His special responsibility during the war was acquiring steel to meet Britain's shipping needs, which involved him in the salvaging of ships which had sunk.

He spent some time in Malta reclaiming steel from sunken vessels, then was involved in clearance operations on the Normandy beaches soon after the invasion. But he still found time to make visual notes and later planned to publish this collection of sketches.

Arthur, a Fellow of the Chartered Institute of Shipbrokers, surrounded himself in both his home and his working environment with beautiful ship models and marine paintings, but the abiding source of inspiration for him came from the sea itself, and he ensured that it was always within view.

He built himself a studio in his house in Kilcreggan which looked out over the pier and the Firth of Clyde, and, in his later years, he was able to indulge his passion for painting ships and the ever changing moods of sea and sky.

Though friends and discerning art lovers appreciated the natural talent in this self-taught artist, Arthur Turner continued to paint purely for his own enjoyment and remained unassuming and uncompetitive about the results.

He did not exhibit in galleries, but preferred to give his paintings away to friends and family.

It appears that his artistic talent has been inherited by his son Harry and grandson Marc, both of whom became professional photographers.

Thirty years after Arthur Turner’s death in 1970 at the age of 70, his son and grandson traced and displayed over forty of his paintings for an exhibition mounted in the appropriately nautical setting of the SV Glenlee in Glasgow Harbour.

Setting up the exhibition was an emotional experience for them, which brought them in contact with paintings and grateful recipients whom they barely knew, and revealed hidden aspects of a man who was better known as “the man who scrapped 1,000 ships” than as an artist.

Turner-statues He and his wife Katalina, known as Kay, had another special interest.

In their sloping landscaped garden they had an extensive collection of stones and statues, spotted on their many travels and brought to their home. Some dated back to ancient Greece.

An article in the Helensburgh Advertiser, published in the late 1960s, noted that the garden contained many ancient and interesting stone relics, and continued: “These have been worked in to blend beautifully in the general layout of their house and its surroundings.

“Only last week Mr Turner acquired another fine specimen for his unique collection. The demolition of part of Glasgow's Rotten Row, near where the university once stood, brought to light a beautifully carved 17th century stone which will soon be preserved for posterity in his garden."

One of his saddest moments came in 1964 when he discovered that vandals had attacked this collection, knocking over and attempting to smash eight of the statues — each weighing over half a ton.

What happened to the stone collection and what else it contained is not known. If any reader can help, please email the Heritage Trust This email address is being protected from spambots. You need JavaScript enabled to view it..

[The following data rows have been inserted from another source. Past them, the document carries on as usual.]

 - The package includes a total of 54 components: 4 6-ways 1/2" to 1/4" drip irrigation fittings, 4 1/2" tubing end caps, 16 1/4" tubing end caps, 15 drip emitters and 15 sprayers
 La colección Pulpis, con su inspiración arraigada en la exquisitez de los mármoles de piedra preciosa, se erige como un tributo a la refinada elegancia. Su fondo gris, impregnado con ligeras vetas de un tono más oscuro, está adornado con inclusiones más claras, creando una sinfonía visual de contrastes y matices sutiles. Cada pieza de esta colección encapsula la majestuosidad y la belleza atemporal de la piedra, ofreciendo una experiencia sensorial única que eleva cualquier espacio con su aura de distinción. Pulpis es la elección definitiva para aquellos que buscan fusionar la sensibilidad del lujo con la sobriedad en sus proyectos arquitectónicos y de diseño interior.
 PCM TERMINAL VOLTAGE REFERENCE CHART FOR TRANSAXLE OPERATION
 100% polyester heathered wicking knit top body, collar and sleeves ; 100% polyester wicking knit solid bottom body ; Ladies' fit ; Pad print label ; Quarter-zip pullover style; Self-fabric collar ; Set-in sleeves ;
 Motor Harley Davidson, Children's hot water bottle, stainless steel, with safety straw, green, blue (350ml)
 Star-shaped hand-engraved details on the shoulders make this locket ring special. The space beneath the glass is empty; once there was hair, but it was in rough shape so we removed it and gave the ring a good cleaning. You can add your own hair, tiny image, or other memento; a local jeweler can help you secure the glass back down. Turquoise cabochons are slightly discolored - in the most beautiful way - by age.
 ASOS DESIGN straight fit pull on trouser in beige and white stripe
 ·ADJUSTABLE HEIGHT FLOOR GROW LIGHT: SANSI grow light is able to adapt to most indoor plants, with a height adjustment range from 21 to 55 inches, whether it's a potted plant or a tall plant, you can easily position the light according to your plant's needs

Mrs Turner was born in Bootle and lived in Dalmuir for a time before the couple moved to the peninsula in the early 1930s. She founded the local branch of the British Sailors Society Guild in 1953, she embroidered for church funds, and she was a member of Cove and Kilcreggan Drama Group for over 20 years, acting in some of their productions.

She was an active member of the now disbanded Peninsula Electro-Cardiogram Committee which raised money for and purchased an electro-cardiogram and other medical equipment for Kilcreggan Health Centre. She died in her sleep at her home at the age of 65, a year after her husband.